*** Opening Provided records ***

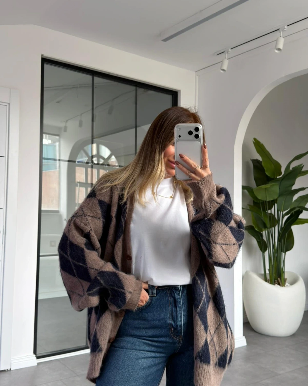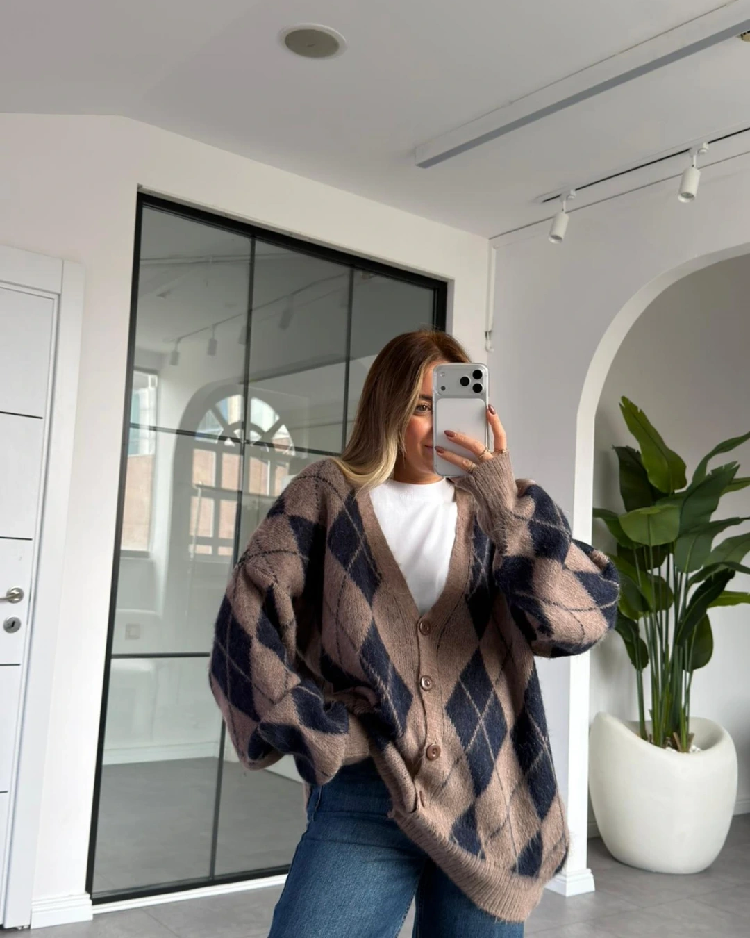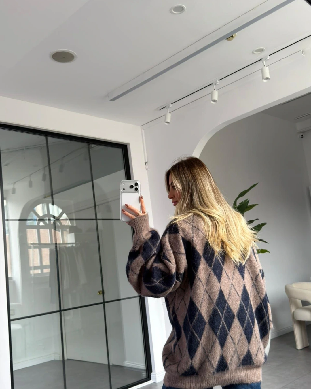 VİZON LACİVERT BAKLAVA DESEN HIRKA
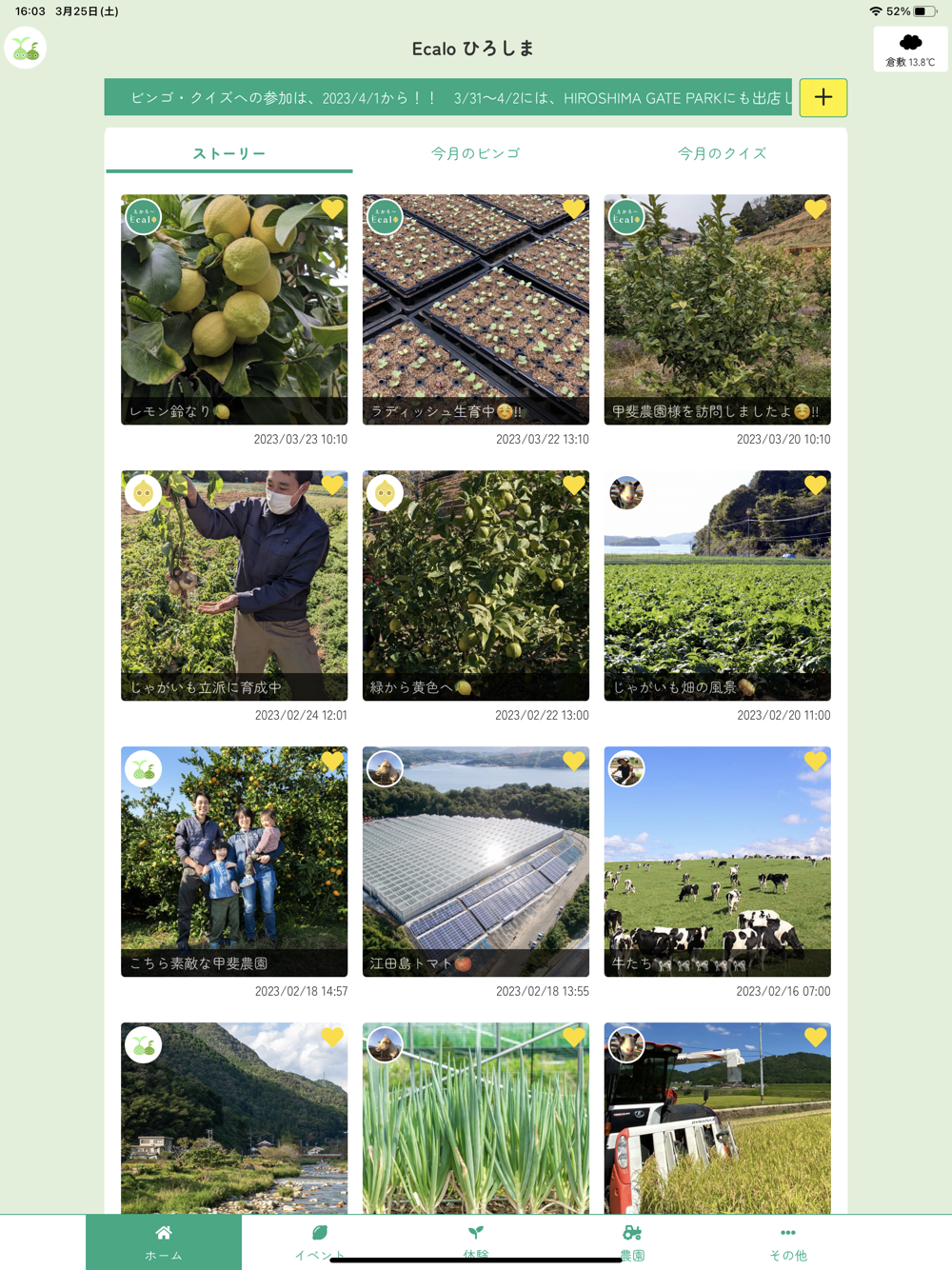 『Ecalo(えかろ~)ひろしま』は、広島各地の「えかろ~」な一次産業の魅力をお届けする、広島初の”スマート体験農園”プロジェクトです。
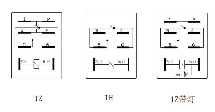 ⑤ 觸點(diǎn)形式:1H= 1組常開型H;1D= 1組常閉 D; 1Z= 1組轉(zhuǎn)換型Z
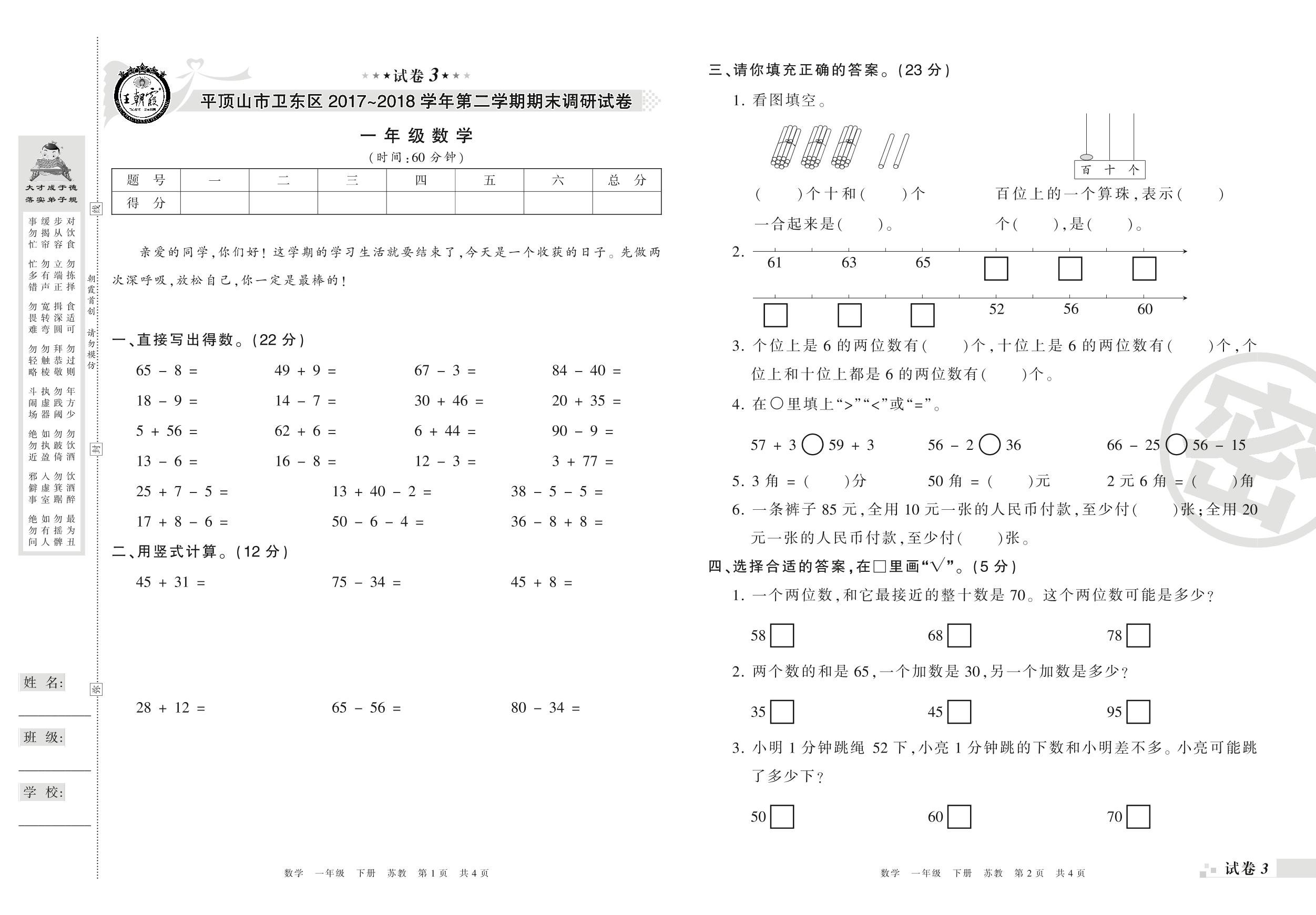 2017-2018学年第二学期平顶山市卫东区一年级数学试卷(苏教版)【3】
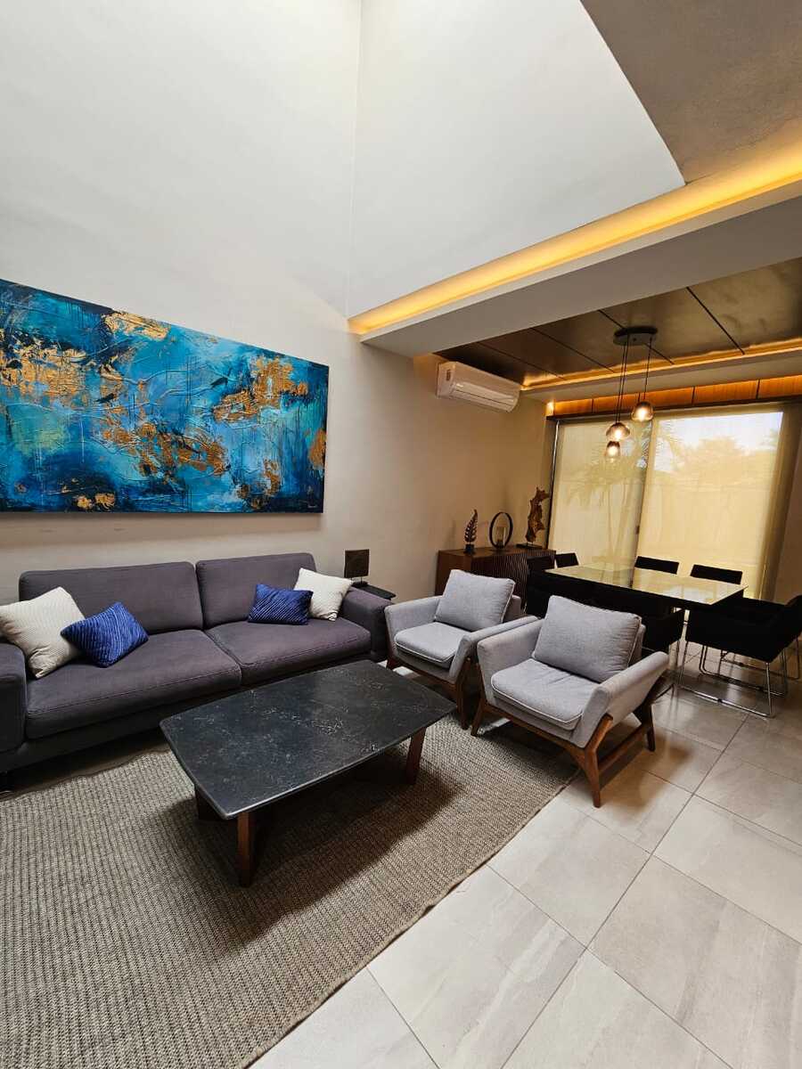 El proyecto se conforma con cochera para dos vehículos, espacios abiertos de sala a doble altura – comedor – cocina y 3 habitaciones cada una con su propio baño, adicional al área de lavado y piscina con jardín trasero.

*** Closing Provided records ***

What the task requires> Your response must reproduce every line of the data exactly, with images omitted.

Result of the exercise>
 VİZON LACİVERT BAKLAVA DESEN HIRKA
 『Ecalo(えかろ~)ひろしま』は、広島各地の「えかろ~」な一次産業の魅力をお届けする、広島初の”スマート体験農園”プロジェクトです。
 ⑤ 觸點(diǎn)形式:1H= 1組常開型H;1D= 1組常閉 D; 1Z= 1組轉(zhuǎn)換型Z
 2017-2018学年第二学期平顶山市卫东区一年级数学试卷(苏教版)【3】
 El proyecto se conforma con cochera para dos vehículos, espacios abiertos de sala a doble altura – comedor – cocina y 3 habitaciones cada una con su propio baño, adicional al área de lavado y piscina con jardín trasero.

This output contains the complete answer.